Hong Kong File photo
More Chinese companies are seeking to raise funds in the Hong Kong market, which is still seen as an attractive destination.
Bloomberg reported on Friday that Chinese video streaming platform Bilibili Inc. has received the green light from the Hong Kong stock exchange for its proposed second listing.
The report came after news that Chinese search engine giant Baidu is seeking to raise as much as HK$28 billion ($3.6 billion) in a secondary listing in Hong Kong, the latest US-listed mainland tech giant to eye a flotation in the city.
NASDAQ-listed Baidu said it would sell 95 million shares in the Hong Kong offering and the offer price will be no more than HK$295.00 per share, according to the regulatory filing on Thursday.

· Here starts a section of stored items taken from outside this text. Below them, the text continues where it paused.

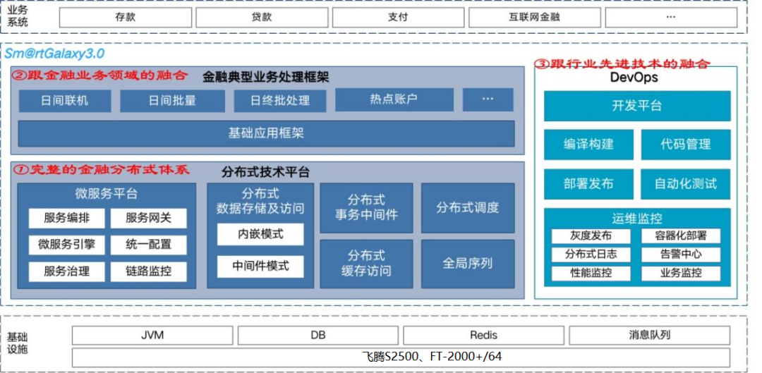 其中神州信息金融级分布式核心业务系统,以自主研发的分布式应用平台Sm@rtGalaxy为基础,基于SOA、分布式与微服务的架构规范,采用独立于中间件、数据库平台的开放式架构设计,全面实现与飞腾平台、操作系统、数据库等的开放性兼容。
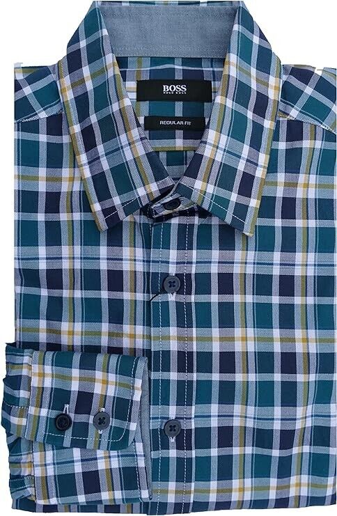New Hugo BOSS men green check regular long sleeve casual smart suit shirt MEDIUM
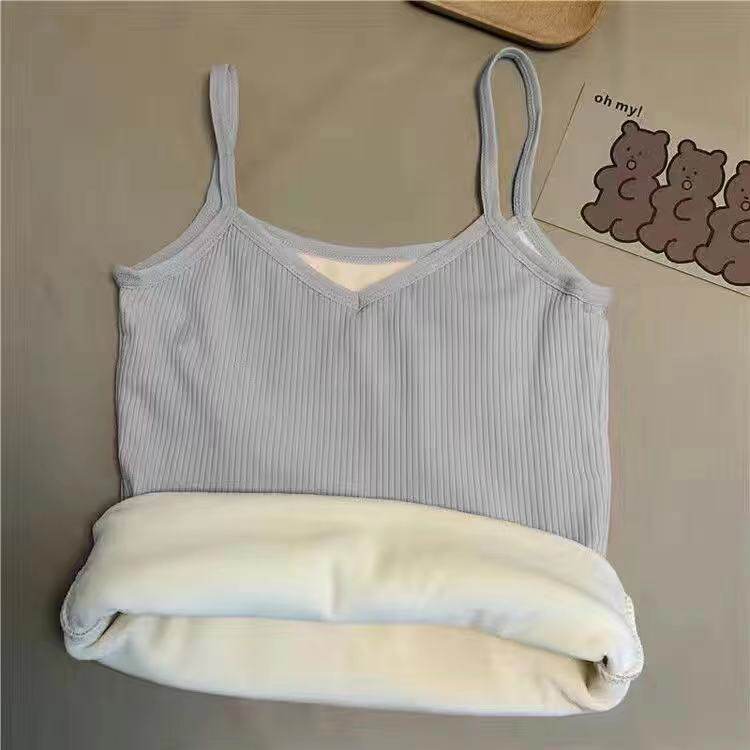 秋冬季 无痕德绒保暖背心女士圆领内搭加绒加厚吊带贴身内穿打底衫
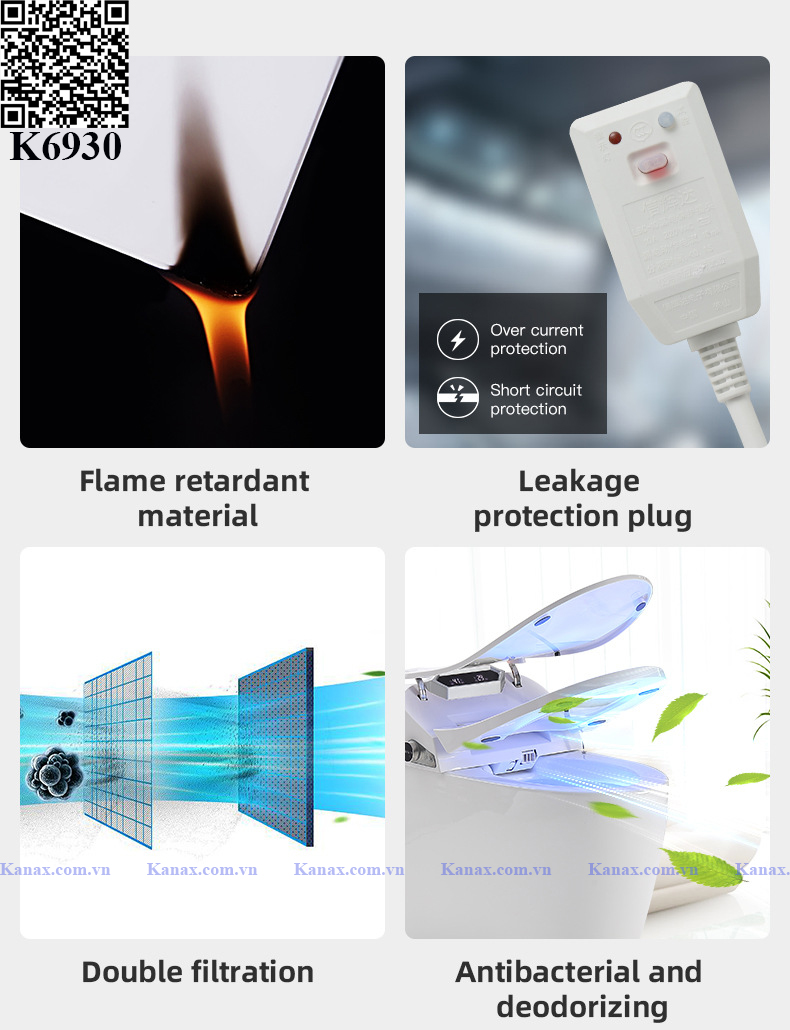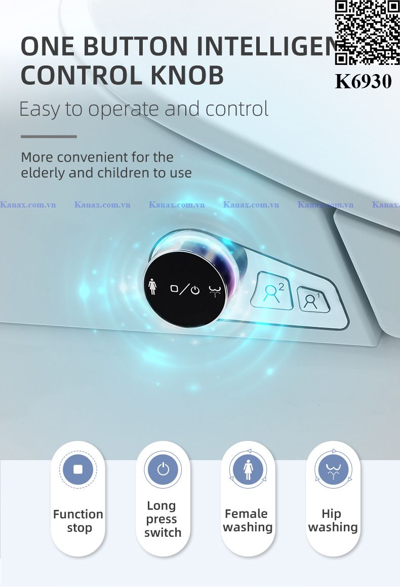 4.Chế độ vòi xịt hậu môn, xịt vệ sinh phụ nữ. 5.Chế độ sấy khô. 6.Chế độ làm ấm bệ ngồi.
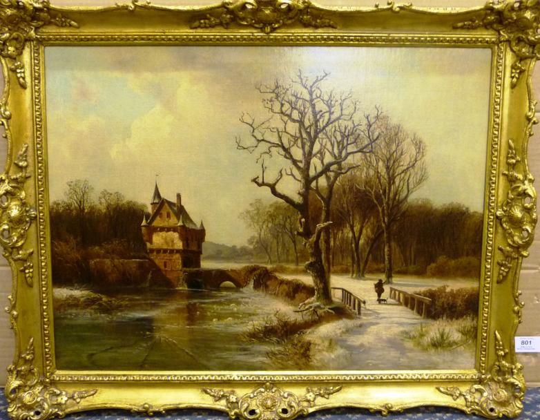 | Sportsman and his Dog on a Footbridge in a Winter Landscape | |

Bloomberg reported that Baidu aims to set the final price before the US market opens on March 17 and start trading in Hong Kong on March 23. At $3.6 billion, it would be the biggest homecoming listing of a US-traded Chinese company in Hong Kong since JD.com Inc.'s June 2020 offering, which raised $4.5 billion.
Chinese firms listed in the US have growing concerns about the current unfriendly environment in the country, and are worried they might be forced to delist at some point in the future, as has already happened to some other Chinese firms, said Dong Dengxin, director of the Financial Securities Institute at Wuhan University of Science and Technology.

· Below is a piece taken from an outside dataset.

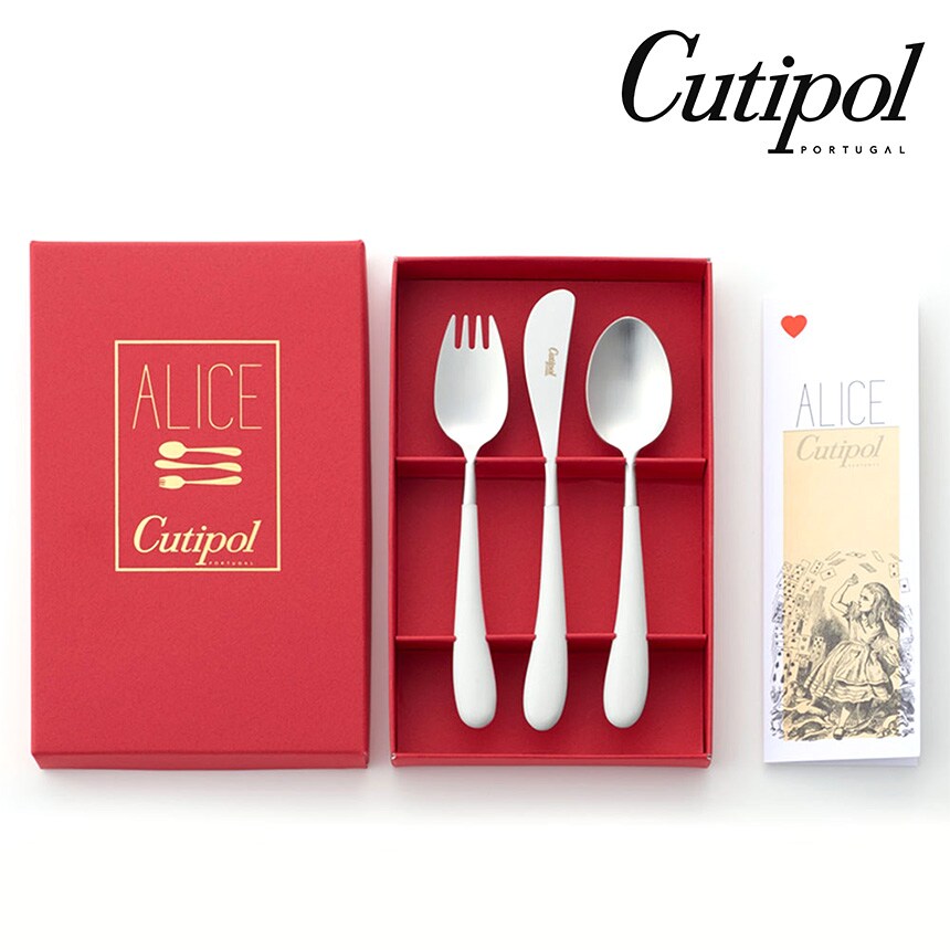 カトラリー セット 正規品 Cutipol クチポール ギフト アリス 3本セット ホワイト×シルバー カトラリーセット キッズ ナイフ フォーク スプーン

The Biden administration has continued some policies from the Trump period in cracking down on Chinese firms listed in the US. Chinese state-owned oil giant China National Offshore Oil Corp became the latest Chinese company to be pushed out of the New York Stock Exchange on Biden's watch.
"Chinese firms listed there need to avoid such potential risks. For some big firms, a secondary listing in Hong Kong is a wise choice, and the Hong Kong Stock Exchange has shown a welcoming attitude toward these firms, especially those in the new-economy sector," Dong told the Global Times on Friday.
It is likely that Hong Kong will attract a large batch of high-quality Chinese firms listed in the US, which will bring better performance to the Hong Kong stock market, said Dong.
Zhang Xiaoming, deputy director of the Hong Kong and Macao Office of the State Council, China's cabinet, said on Friday that the status of Hong Kong's financial center will be further consolidated after the implementation of the Hong Kong National Security Law and the improvement of the electoral system.
He said that the political, economic, social and business environment of Hong Kong will be further improved, and the status of Hong Kong's financial center will be further consolidated.
The Hong Kong market is becoming an important place for many companies to go public. As of the end of 2020, HK$400.2 billion ($51.5 billion) had been raised by IPOs in Hong Kong, ranking second in the world.